What follows is a listing; repeat exactly, and only, its lines from the one holding "Набор шампуров угловых" through the last, leaving any pictures out.

» Stored data:
------------------------------------------------------------------------
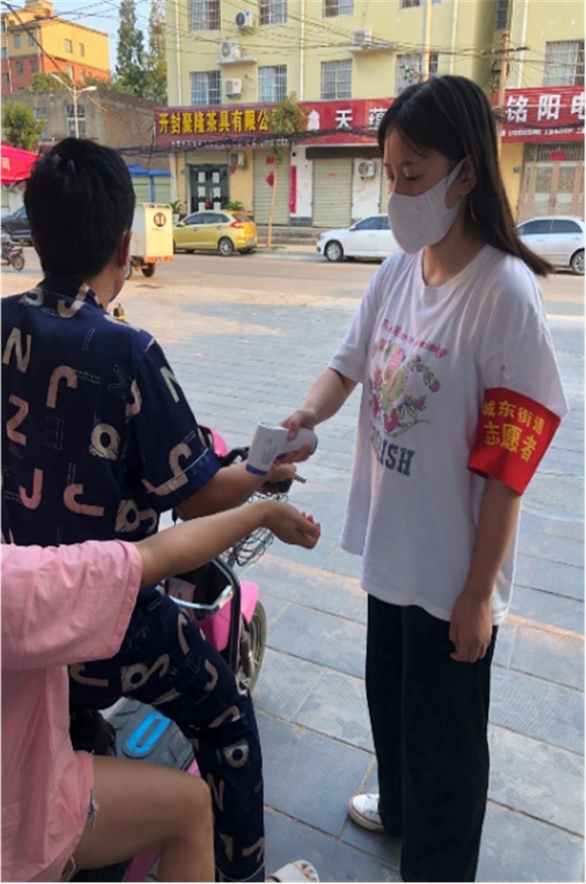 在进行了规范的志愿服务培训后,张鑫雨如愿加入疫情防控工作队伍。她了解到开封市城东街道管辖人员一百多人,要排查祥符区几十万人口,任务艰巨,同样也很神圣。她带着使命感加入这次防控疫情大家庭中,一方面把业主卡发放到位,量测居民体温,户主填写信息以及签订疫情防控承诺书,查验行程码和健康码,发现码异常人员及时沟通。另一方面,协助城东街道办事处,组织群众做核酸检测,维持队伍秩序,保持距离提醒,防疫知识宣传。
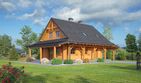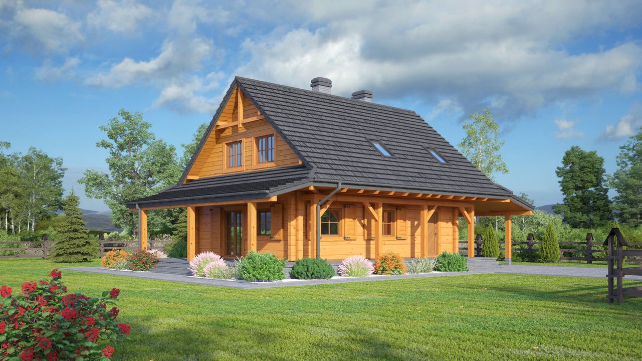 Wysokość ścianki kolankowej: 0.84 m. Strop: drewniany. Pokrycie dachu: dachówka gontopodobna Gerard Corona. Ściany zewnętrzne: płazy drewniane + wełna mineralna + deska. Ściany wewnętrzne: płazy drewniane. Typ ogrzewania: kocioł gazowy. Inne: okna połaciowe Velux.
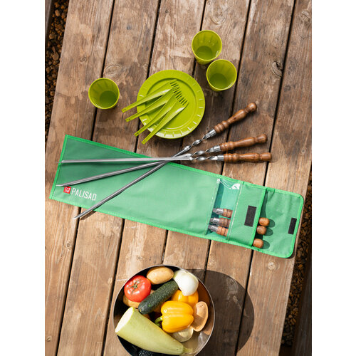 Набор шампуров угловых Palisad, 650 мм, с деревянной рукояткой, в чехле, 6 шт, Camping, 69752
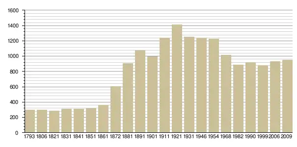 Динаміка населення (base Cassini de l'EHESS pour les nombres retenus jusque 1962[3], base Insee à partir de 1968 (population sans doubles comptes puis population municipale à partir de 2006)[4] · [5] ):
------------------------------------------------------------------------
» Task response:
 Набор шампуров угловых Palisad, 650 мм, с деревянной рукояткой, в чехле, 6 шт, Camping, 69752
 Динаміка населення (base Cassini de l'EHESS pour les nombres retenus jusque 1962[3], base Insee à partir de 1968 (population sans doubles comptes puis population municipale à partir de 2006)[4] · [5] ):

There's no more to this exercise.